Manhattan Projects:
the Rise and Fall of Urban Renewal in Cold War New York

Mon, Dec 13, 2010
Oxford University Press

Moving beyond the usual good-versus-evil story that pits master-planner Robert Moses against the plucky neighborhood advocate Jane Jacobs, Samuel Zipp sheds new light on the rise and fall of New York’s urban renewal in the decades after World War II. Focusing on four iconic “Manhattan projects”–the United Nations building, Stuyvesant Town, Lincoln Center, and the great swaths of public housing in East Harlem–Zipp unearths a host of forgotten stories and characters and shows how boosters hoped to make Manhattan the capital of modernity, while a chorus of critics attacked urban renewal for perpetuating deindustrialization, racial segregation, and class division.
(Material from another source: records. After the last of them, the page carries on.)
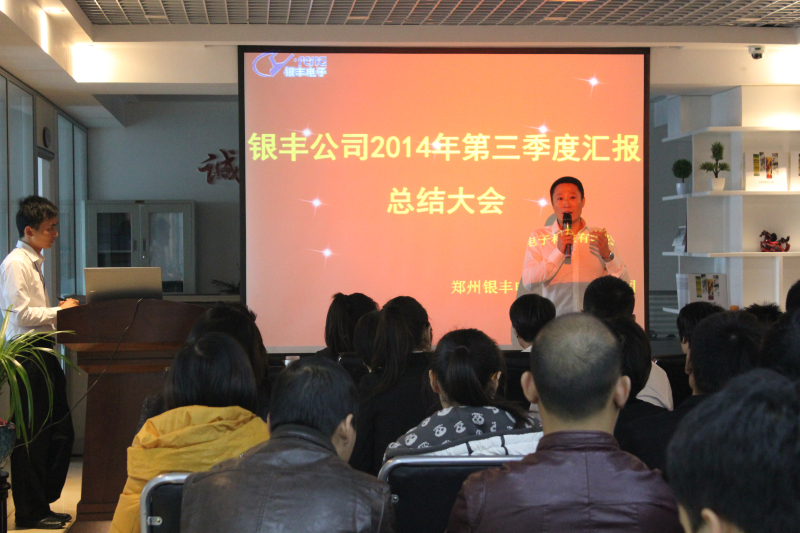 為幫助銀豐同仁們制定合理的工作計(jì)劃及目標(biāo),激發(fā)同仁們的工作熱情,同時(shí)使銀豐同仁明確公司未來(lái)發(fā)展方向,2014年11月1日,銀豐公司舉行了隆重的表彰及第三季度總結(jié)大會(huì)。 上午九點(diǎn),表彰大會(huì)在銀豐公司大廳正式召開,此次參會(huì)的領(lǐng)導(dǎo)有公司董事長(zhǎng)、總經(jīng)理、副總經(jīng)理以及各部門經(jīng)理、同仁。此次受表彰的是在2014年9月、10月有突出銷售業(yè)績(jī)及參與項(xiàng)目各個(gè)環(huán)節(jié)的銀豐同仁們。公司副總經(jīng)理周輝女士親自為獲獎(jiǎng)人員頒發(fā)獲獎(jiǎng)證書及獎(jiǎng)品,隨后獲獎(jiǎng)同仁們精彩的獲獎(jiǎng)感言贏得了陣陣掌聲。頒獎(jiǎng)結(jié)束后,銀豐公司董事長(zhǎng)做了總結(jié)性的發(fā)言,鼓勵(lì)銀豐的銷售同仁們向更大的目標(biāo)奮進(jìn)。 表彰大會(huì)結(jié)束后,緊接著是銀豐公司2014年第三季度員工匯報(bào)及總結(jié)大會(huì),員工們對(duì)自己上一季度的工作做了概括性的總結(jié),并對(duì)下一季度的工作做了詳細(xì)的計(jì)劃,同仁們匯報(bào)完后,銀豐公司總經(jīng)理王偉東先生做了精彩的總結(jié),一方面對(duì)此次匯報(bào)中所出現(xiàn)的問題進(jìn)行分析并提出合理建議;另一方面為員工以后的工作指明了方向,會(huì)議最后,銀豐公司董事長(zhǎng)做了重要的講話,首先闡述了公司日常規(guī)定的重要性及長(zhǎng)遠(yuǎn)性,隨后用銀豐公司中層領(lǐng)導(dǎo)真實(shí)的奮斗經(jīng)歷誠(chéng)懇風(fēng)趣的表達(dá)了堅(jiān)持不懈的努力是成功必要條件,公司頓時(shí)處于一種激情澎湃,斗志昂揚(yáng)的正能量之中。 我們堅(jiān)信,在公司領(lǐng)導(dǎo)的正確指引及銀豐同仁們的不懈努力下,銀豐公司未來(lái)的發(fā)展定會(huì)按照我們規(guī)劃的目標(biāo)穩(wěn)步實(shí)現(xiàn)。
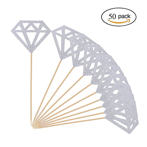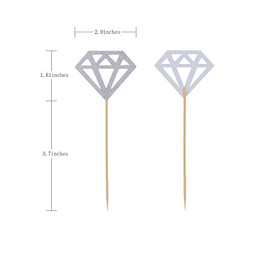 Product description: These silver glitter diamond cupcake toppers are made of good qualtity glitter papaer, sliver front and white back, easy to distinguish between the positive and negative, each cupcake topper is approx 5.31" x 2.0", suitable size design, just gently insert them into your cakes, give your cake a perfect display at the bridal shower, party and more, make your cake look more lovely and delicious Product details: Diamond size:5.0 x 4.1cm/ 2.0" x 1.61" Total size:13.5 x 5.0 cm/ 5.31 x 2.0" Color:silver Material:paper,stick Weight:30g Package included: 50 x Silver diamond cupcake toppers
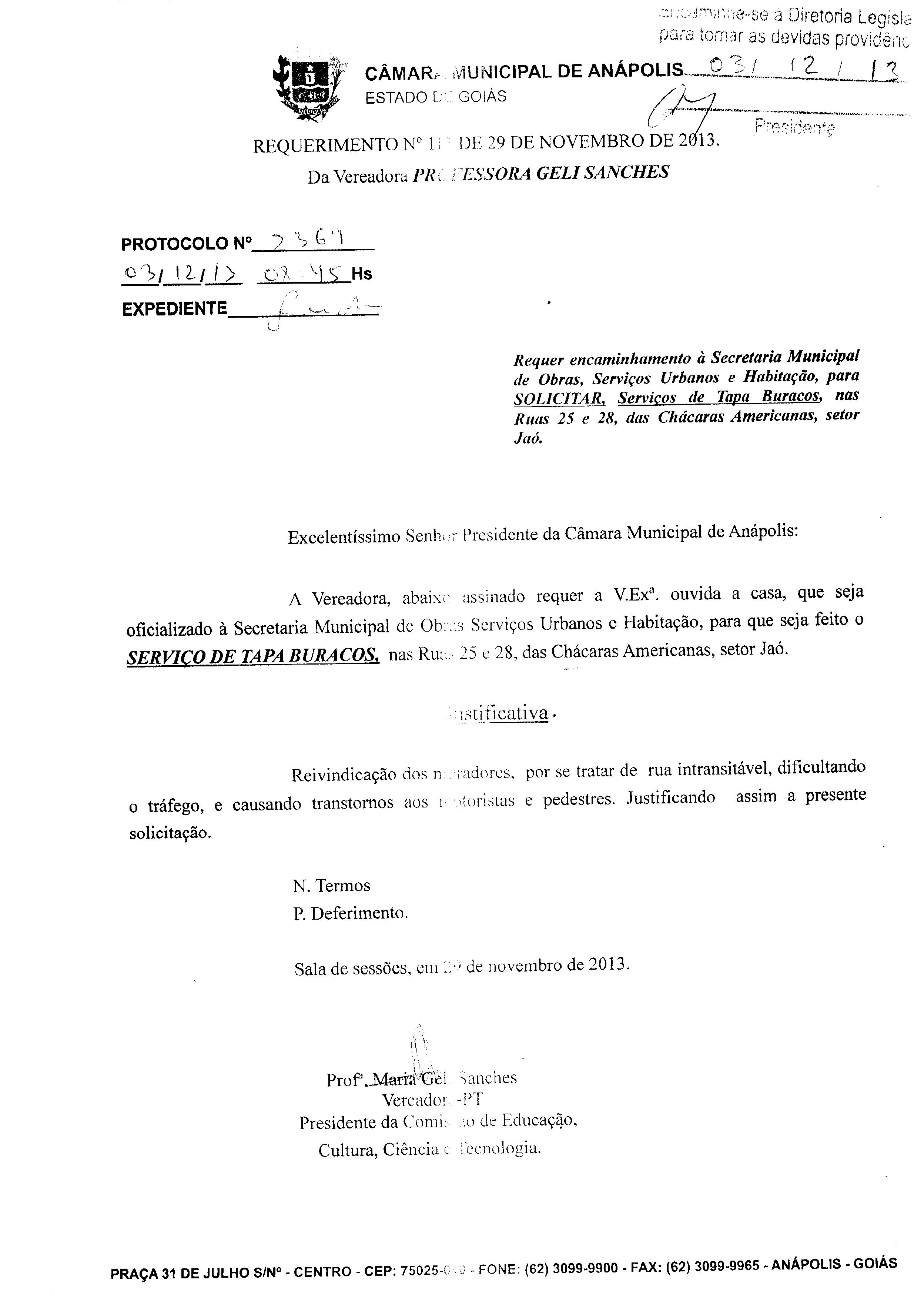 Ementa: À SECRETARIA MUNICIPAL DE OBRAS SERVIÇOS URBANOS E HABITAÇÃO, PARA QUE SEJAFEITO O SERVIÇO DE TAPA BURACOS, NAS RUAS 25 E 28, DAS CHÁCARAS AMERICANAS, SETOR JAÓ.
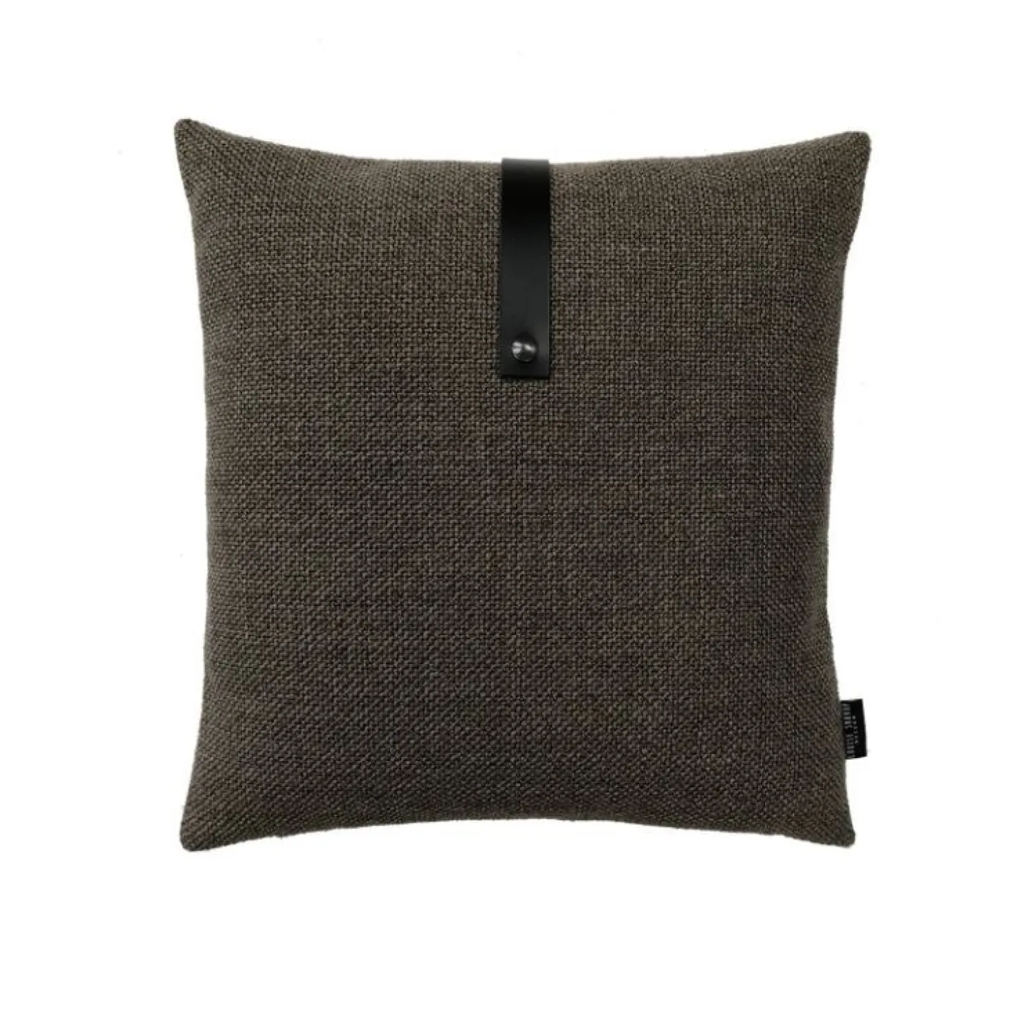 Super flot pude, syet i dejligt blødt mono twist af fineste kvalitet, som giver et simpelt og lækkert udtryk, som gør, at den kan styles på mange måder og passer ind i hjem med forskellige indretningsstile. Puden er påført en læderrem i sort kernelæder. Læderremmen går igen i Louise Smærups tekstildesigns, og skaber en diskret, men unik signatur for hendes forskellige designs.
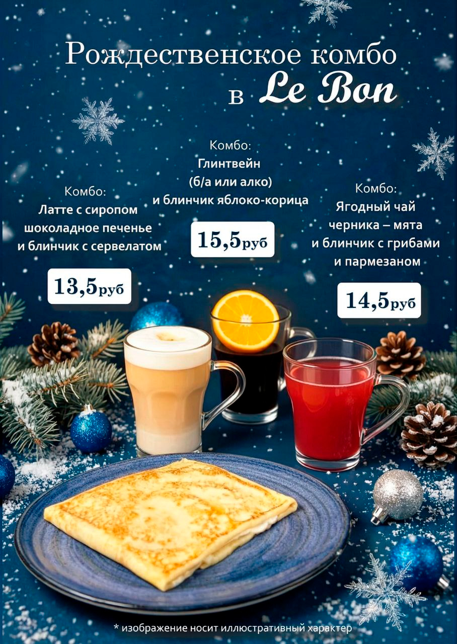 Праздники на пороге, и сеть французских блинных Le Bon представляет фирменное рождественское комбо. Можно выбрать любой из 3-х вариантов или попробовать сразу все.

Cold War-era urban renewal was not merely a failed planning ideal, Zipp concludes, but also a crucial phase in the transformation of New York into both a world city and one mired in an urban crisis.

Samuel Zipp

Samuel Zipp is a cultural, intellectual, and urban historian with particular interest in 20th-century cities, the built environment, United States history since World War II. He earned his Ph.D. in American Studies from Yale University. He is an Assistant Professor of American Civilization and Urban Studies at Brown University, teaching courses in 20th century urban and suburban history, politics and culture in New York City since 1945, and popular music and the city.